55
   

AMERICAN CONSERVATISM IN 2008 AND BEYOND

 
 
Cycloptichorn
 
  2  
Reply Tue 29 Sep, 2009 10:55 am
@FreeDuck,
I would like to see exactly how they came to their estimate of 2.54 billion in savings to consumers, and the data which shows this to be true - or even a mildly realistic projection.

Cycloptichorn
FreeDuck
 
  2  
Reply Tue 29 Sep, 2009 11:00 am
@Cycloptichorn,
Cycloptichorn wrote:

I would like to see exactly how they came to their estimate of 2.54 billion in savings to consumers, and the data which shows this to be true - or even a mildly realistic projection.

Cycloptichorn

Yeah, we could go down that road but I thought it better not to digress. I suspect they are merely taking the economic growth of the late nineties and attributing it to the reforms, but what do i know.
0 Replies
 
ican711nm
 
  0  
Reply Tue 29 Sep, 2009 11:01 am
@ican711nm,
Quote:

http://www.tafp.org/news/TFP/07No2/1.asp
The 78th Texas Legislature presents: Texas Tort Reform
Relive the fight of the century
It’s been four years since Texas passed tort reform legislation. Did it work? And will there be a rematch?
Story and photos by Kate McCann
...


0 Replies
 
Foxfyre
 
  -3  
Reply Tue 29 Sep, 2009 11:29 am
@Foxfyre,
I think I'll add a No. 8 to my definition of numbnuts: "Numbnuts rarely make any kind of coherent argument themselves but take great delight in voting down posts with which they disagree."

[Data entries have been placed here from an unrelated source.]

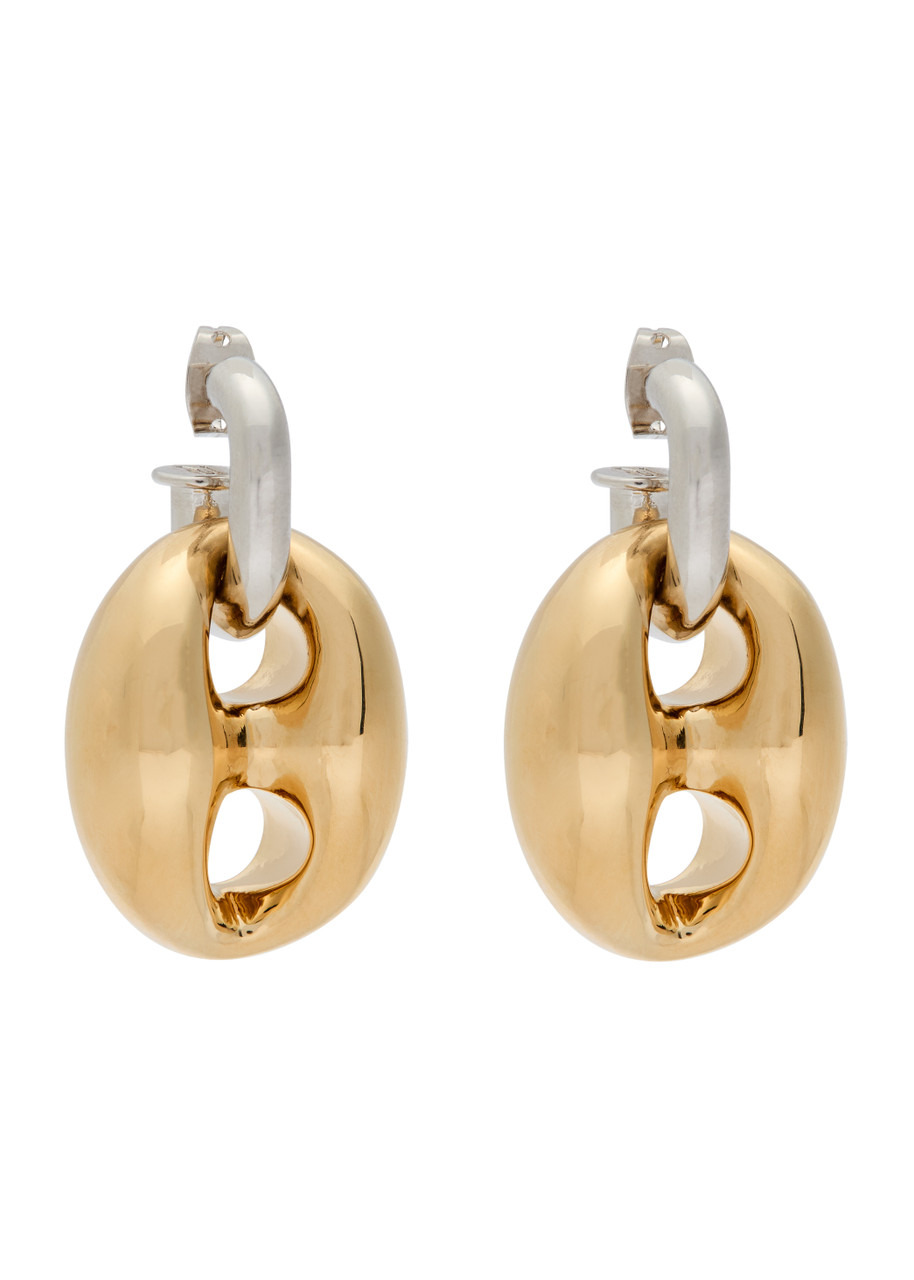 Info & Care Rabanne metal;drop earrings Two tone design with anchor chain link pendant, designer engraved Butterfly fastening for pierced ears Presented in a designer-stamped box with a pouch Please note, we are unable to refund or exchange for pierced earrings Size & Fit Drop: 3.5cm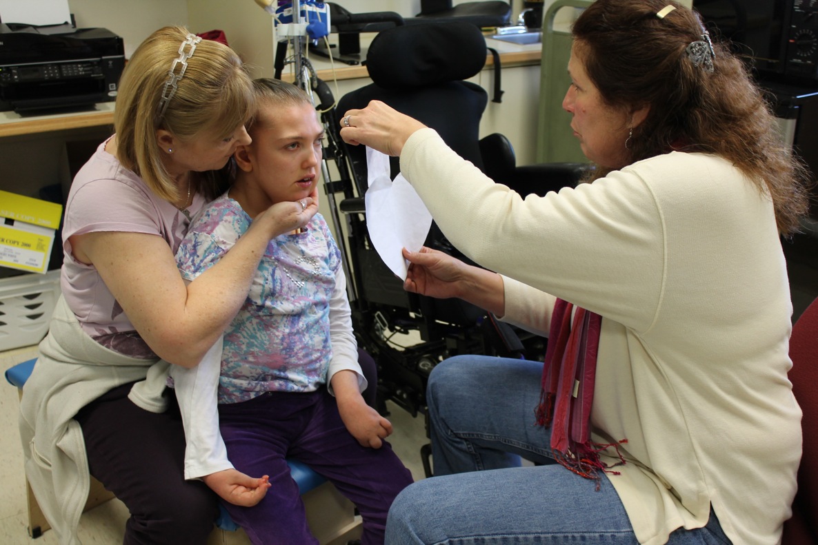 Darlene Tammara uses picture symbols to make a story more understandable to student Deborah Eike. At left is occupational therapist Debbie Goodheart.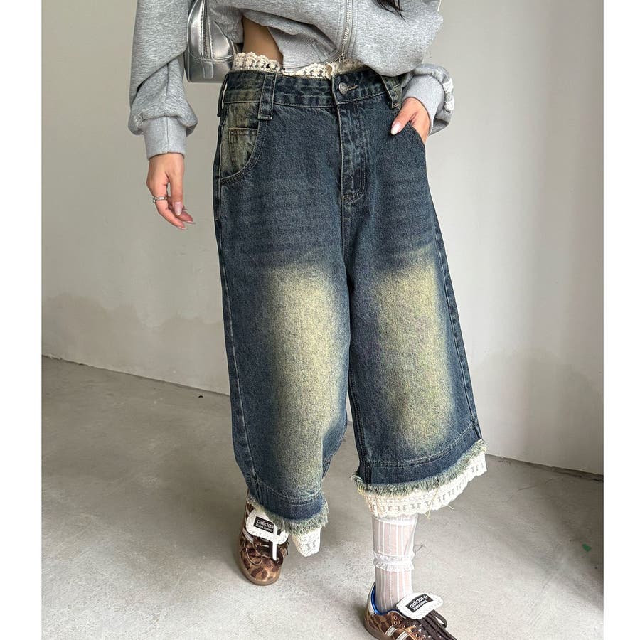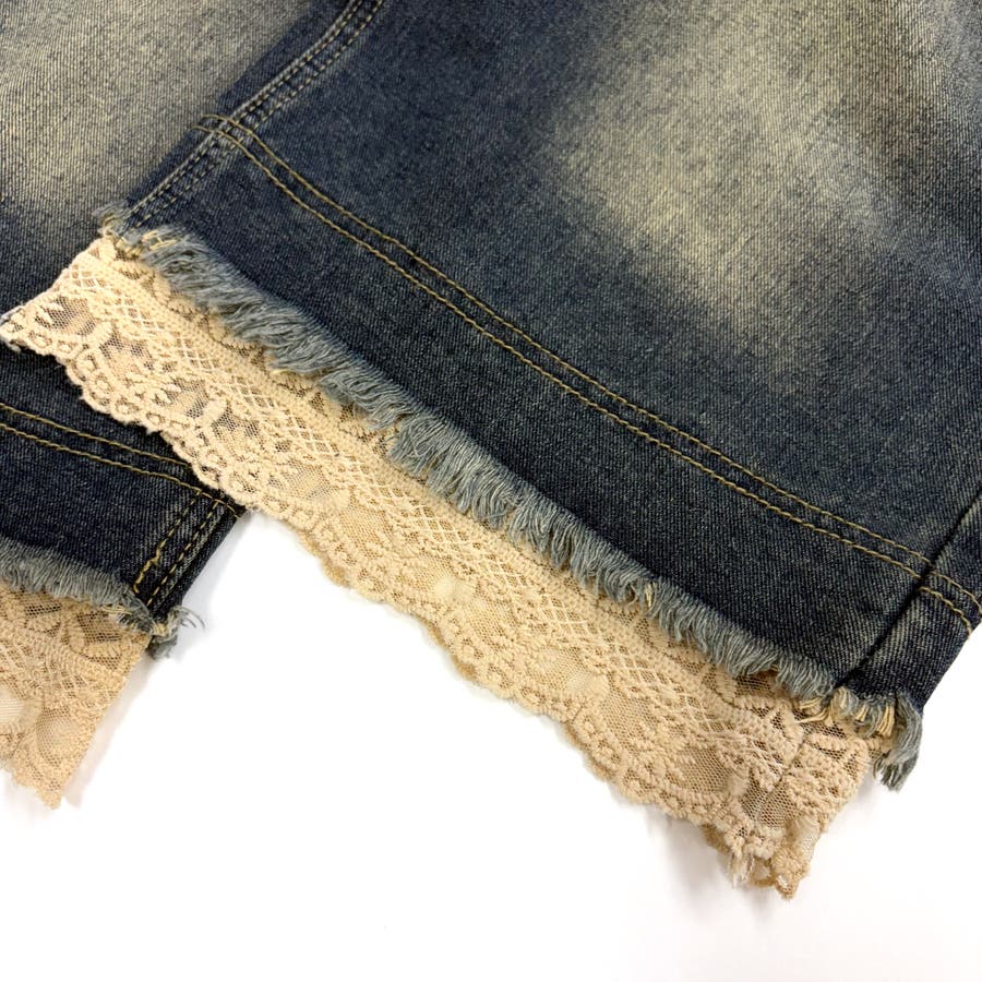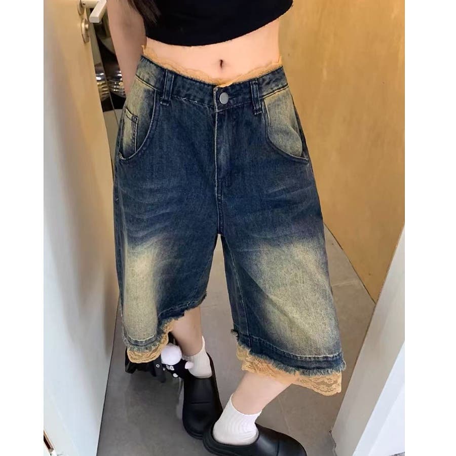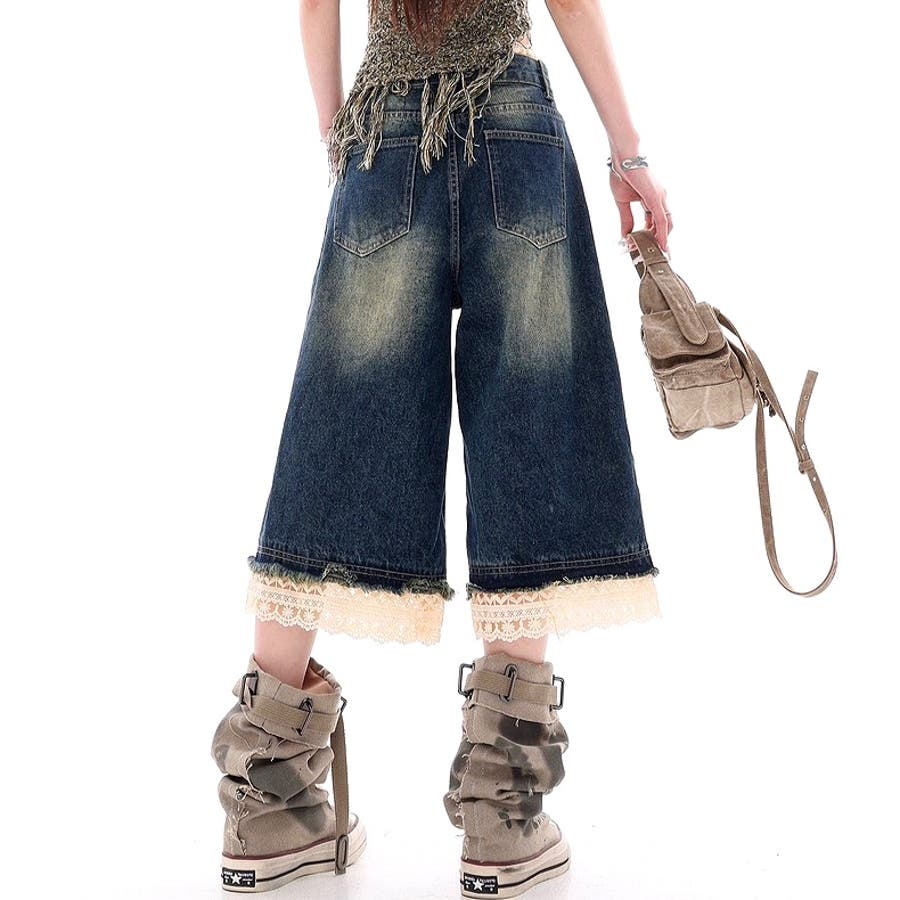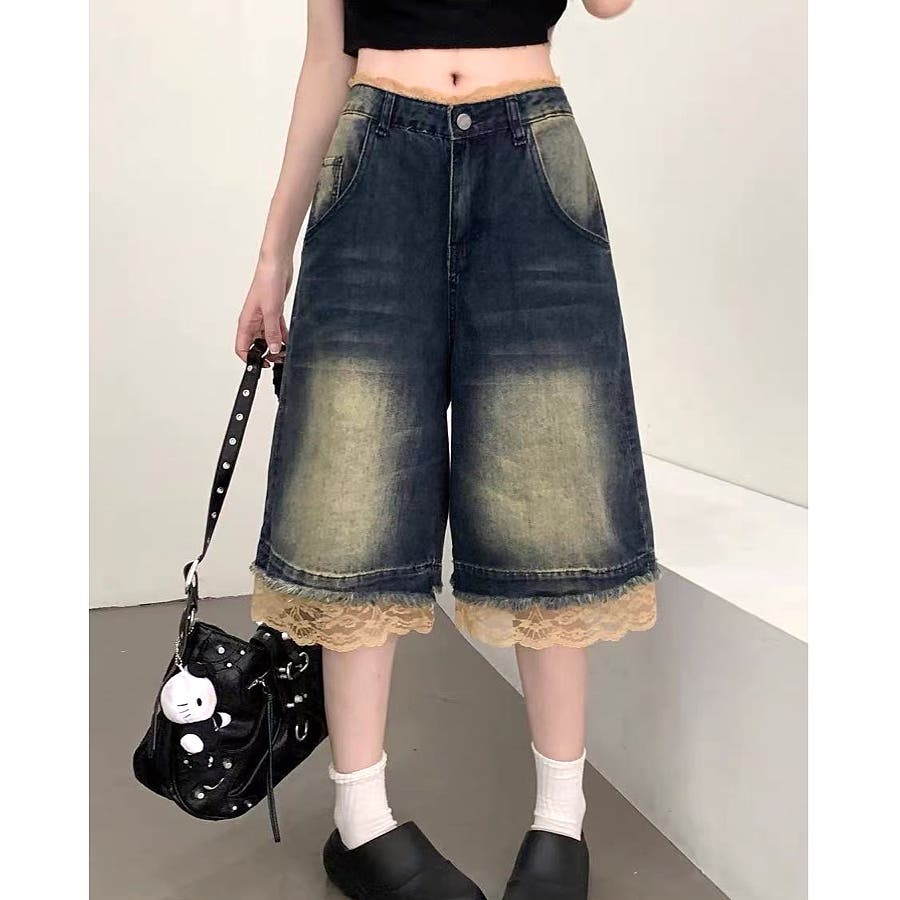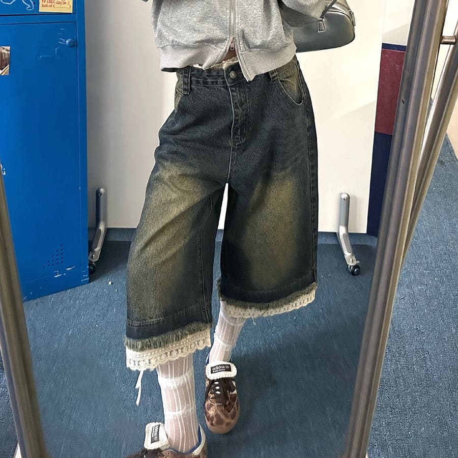 レースレイヤードデニムワイドハーフパンツ

Consevatives will sometimes vote down a post that is personally insulting directed at a specific person or unacceptably vile or vulgar. You never see a conservative voting down a post purely because they disagree with the content.

Childish Numbnuts often vote down any post with which they disagree. They even sign in their alts or call in the pack to attack a post with which they disagree and vote up the really simpid and hateful posts of their fellows.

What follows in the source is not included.